Mosaic Theater's "hugely ambitious first season" (Washington Post Chief Theater Critic Peter Marks), is complemented by student and senior matinées, professional apprenticeships with Howard, Gallaudet, and Bowie State Universities, and the Company's expansive calendar of free community events, including the return of the long-running Peace Café, and other probing discussions held with artists, community and, faith leaders, journalists, ambassadors, and audience.

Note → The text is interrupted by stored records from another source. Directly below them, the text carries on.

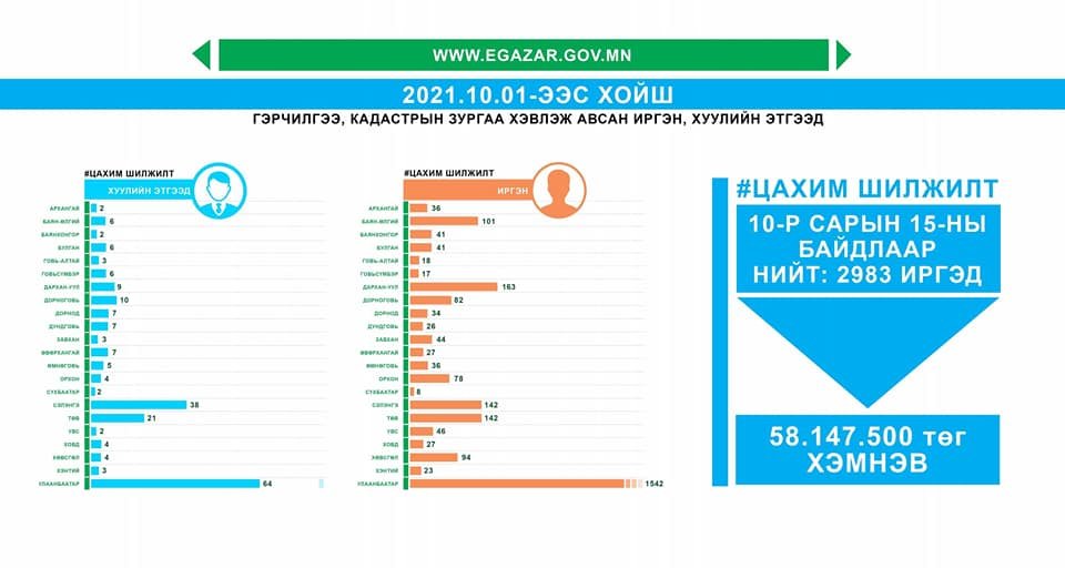 Газрын үйлчилгээ таны “гэрт“ очлоо. 2021 оны 10-р сарын 1-нээс эхлэн иргэн, хуулийн этгээд захирамж нь гарсан газрын гэрчилгээ, кадастрын зургаа өөрөө үнэ төлбөргүй гэртээ хэвлэж авч ашиглаж эхэллээ.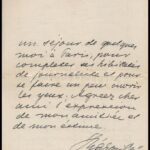 1909 Rákosi Jenő (1842-1929) író, újságíró, színházigazgató, főrendiházi tag francia nyelvű, kézzel írt, saját kézzel aláírt levele a Budapesti Hírlap főszerkesztőjeként, melyben segítséget kér Szakács Andor újságíró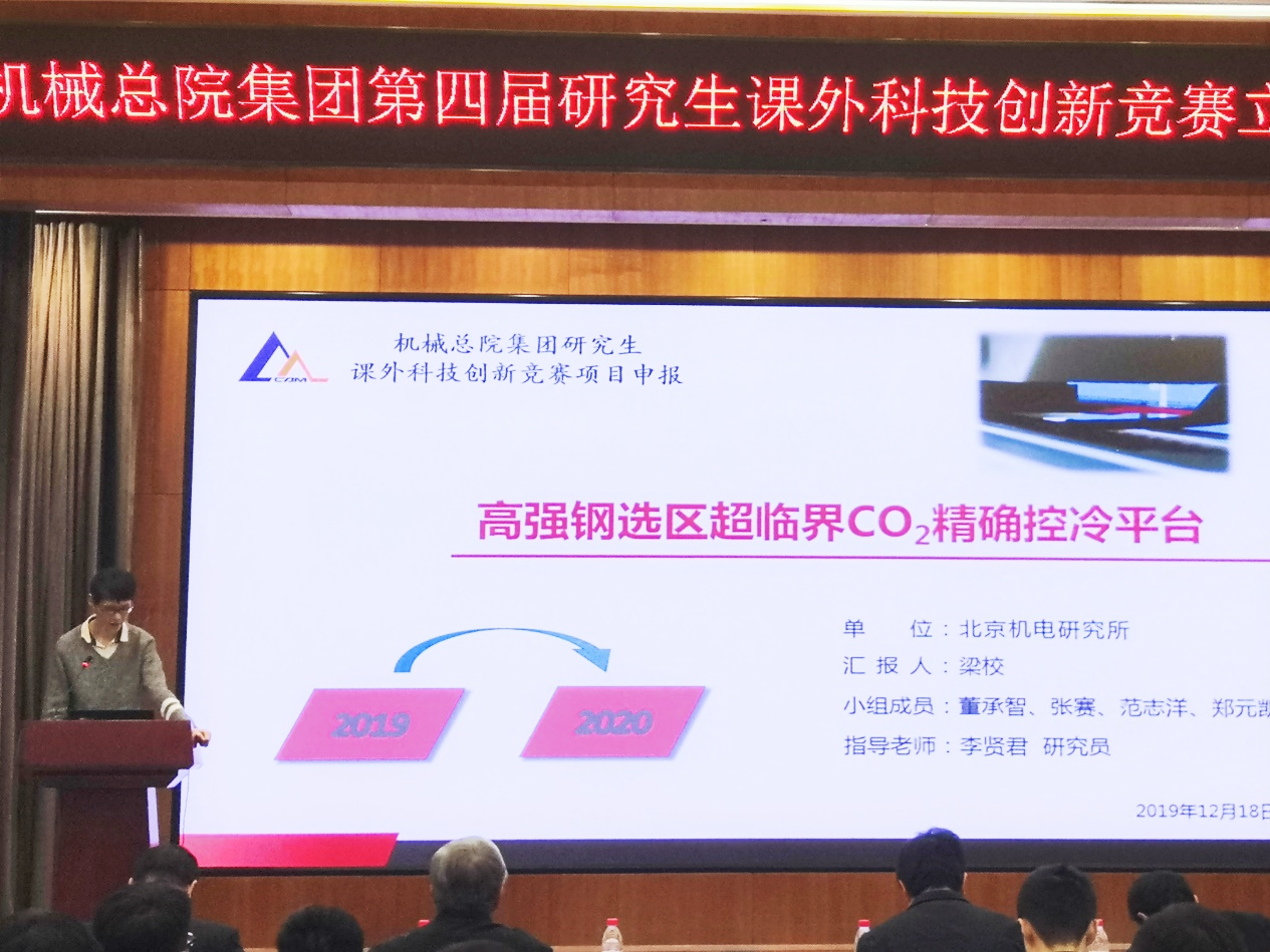 为进一步引导研究生培养科学精神和科学态度,积极学习科学知识和科学方法,培育乐于创意、精于创新、勇于创造的创新型人才,加强院内研究生的交流,12月18日,机电所研究生团队参加了机械总院集团第四届研究生课外科技创新竞赛。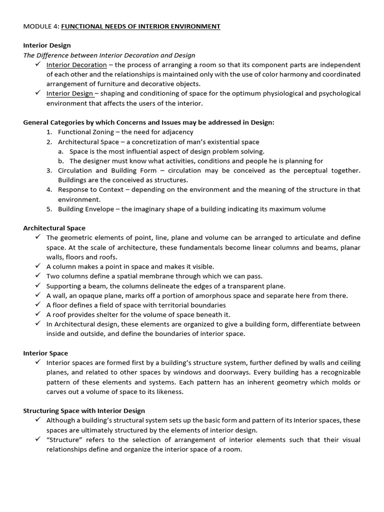 MODULE 4: FUNCTIONAL NEEDS OF INTERIOR ENVIRONMENT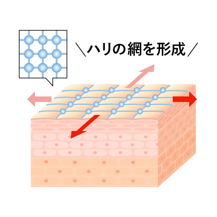 セラミドポリマー※3を配合したことで肌の上でポリマーネットワークを形成し、ハリ・うるおいを与え肌全体をつるんとなめらかに見せることが可能になりました。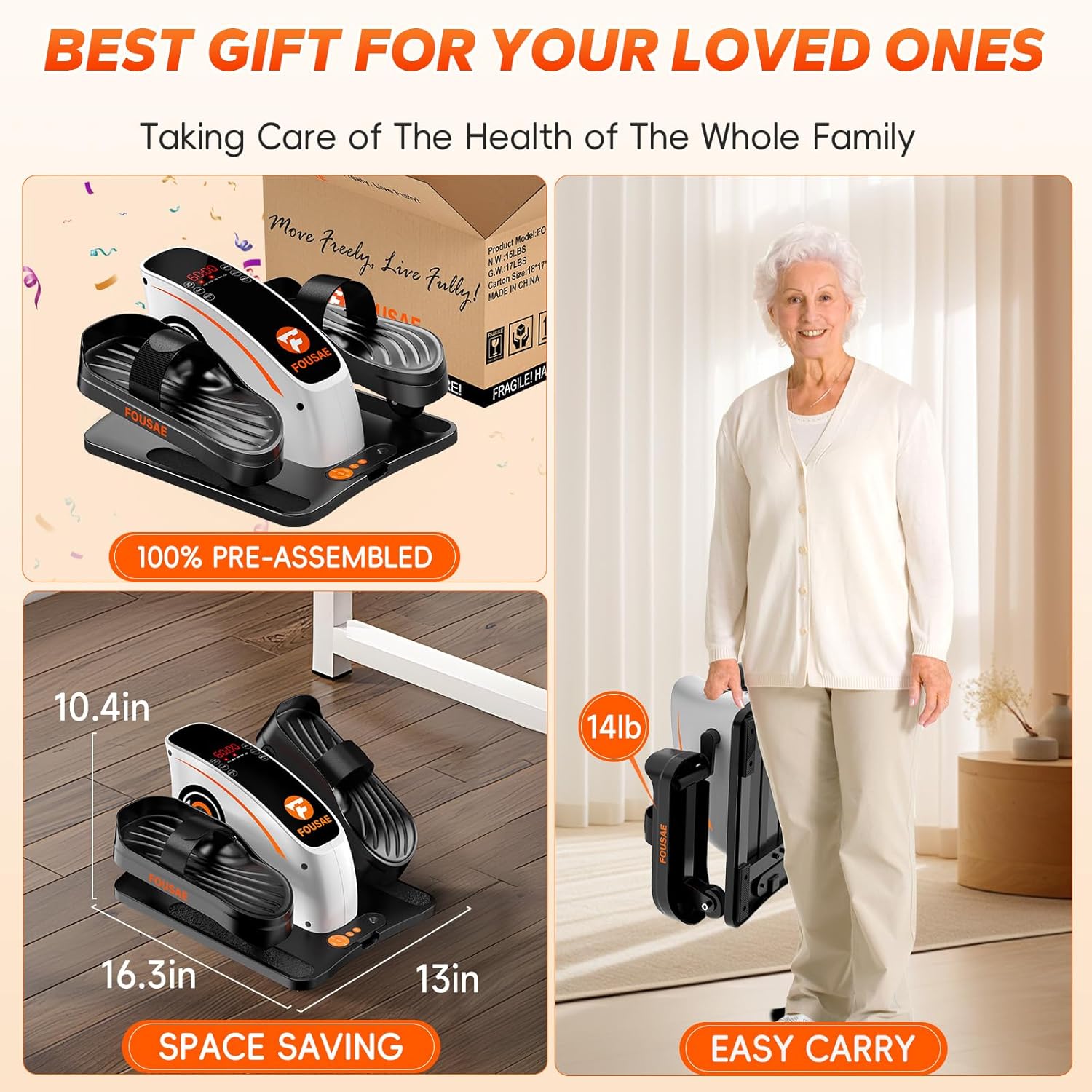 FOUSAE Elliptical Training Machine–The Best Intimate Gift for Parents, Family, and Friends Designed to ignite a passion for fitness in every heart, our low-impact & zero-pressure ellipse leg exerciser is more than just an exercise tool—it’s a ticket to holistic wellness.

This gift from the Logan Foundation solidifies Mosaic's resolve to be a place of independent, intercultural, entertaining, and uncensored artwork; to be a home for all members of our community; and to be a platform for the finest local and international artists of our time, for many years to come.

Mosaic Theater Company of DC is committed to making powerful, transformational, socially-relevant art, producing plays by authors on the front lines of conflict zones and providing audiences with a dynamic new venue for the dramatizing and debating of ideas including an annual intercultural festival, like our acclaimed Voices From a Changing Middle East series.

With an emphasis on the playwright's vibrant voice, muscular structures and a powerful collaborative fusion with directors of vision and story-telling integrity, Mosaic plays marry a love of ideas, character, conflict, immediacy, and personal and public resonance, working with the finest actors in our city to create thrilling performances that matter. Our plays speak truth to power and to the private parts of our soul prompting reflection, discussion and uplift, while creating lasting impression; in short, we make art with a purpose and strive for impact.